Modelling representational systems for word meanings and/or world knowledge is a problem of mutual and complex relatedness. Different formats have been used with differing success among which that of stereotypical and/or prototypical meaning and knowledge representation appeared to be most adequate in view of how conceptual knowledge is made use of and/or new concepts are being conveyed. Under the notion of lexical relevance and semantic disposition this interdependency may operationally be clarified and empirically be reconstructed from natural language discourse - although most approaches to word semantics and conceptual modelling do not address these issues. Instead, linguists and psychologists, as well as artficial intelligence experts engaged in word meaning and/or world knowledge representation still provide the necessary semantic and external world information introspectively, i.e. they are exploring (or make testpersons explore) their own competence and memory capacities to depict their findings in some semantic or conceptual structures (lists, arrays, networks, etc.).

Other than these introspective explorations, the present approach strives to derive directly via automatic analysis of natural language discourse (input) some basic data (output) whose relational structure need not be defined statically in declarative terms of logical-deductive hierarchies but will instead be imposod procedurally by algorithms which allow for the dynamic induction of relevant analogical-associative dependencies to form semantic dispositions².

By way of a sketchy overview rather than a qualifying introduction, it will (first) be outlined according to what principles the natural language discourse is analysed statistically and how the data obtained is represented formally. Constituting the semantic space model (second), its structure is examined for specific meaning representations, their positions, environments, and clustering properties. Starting from the notion of priming and spreading activation in memory as a cognitive model for comprehension processes, we will (third) deal with our procedural method of representing semantic dispositions by way of inducing lexical relevance relations within semantic space. Concluding (fourth) we shall point to two or three problem areas connected with word meaning and concept processing which may be tackled anew and perhaps brought to a more adequate though still tentative solution under an empirically founded approach to procedural semantics.
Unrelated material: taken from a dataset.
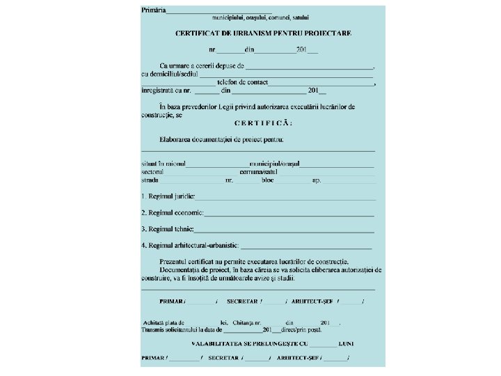 URBANISM CERTIFICATE Informative Urbanism Certificate – an optional act, issued by the issuer, within which the applicant (recipient) is informed on elements that characterize the legal, technical and architectural-urban of a building/land, established through the urbanism and spatial planning documentation, necessary for sale and purchase, renting, dissolution, consolidation, sharing, inheritance of the land for the building construction or planning reconstruction, and in case of property disputes. 12

1 Statistical Text Analysis and Data Representation

It has been shown elsewhere³ that in a sufficiently large sample of pragmatically homogeneous texts, called corpus, only a restricted vocabulary, i.e. a limited number of lexical items will be used by the interlocutors however comprehesive their personal vocabularies in general might be. Consequently, the lexical items employed to convey information on a certain subject domain under consideration in the discourse concerned will be distributed according to their conventionalized communicative properties, constituting semantic regularities which may be detected empirically from the texts.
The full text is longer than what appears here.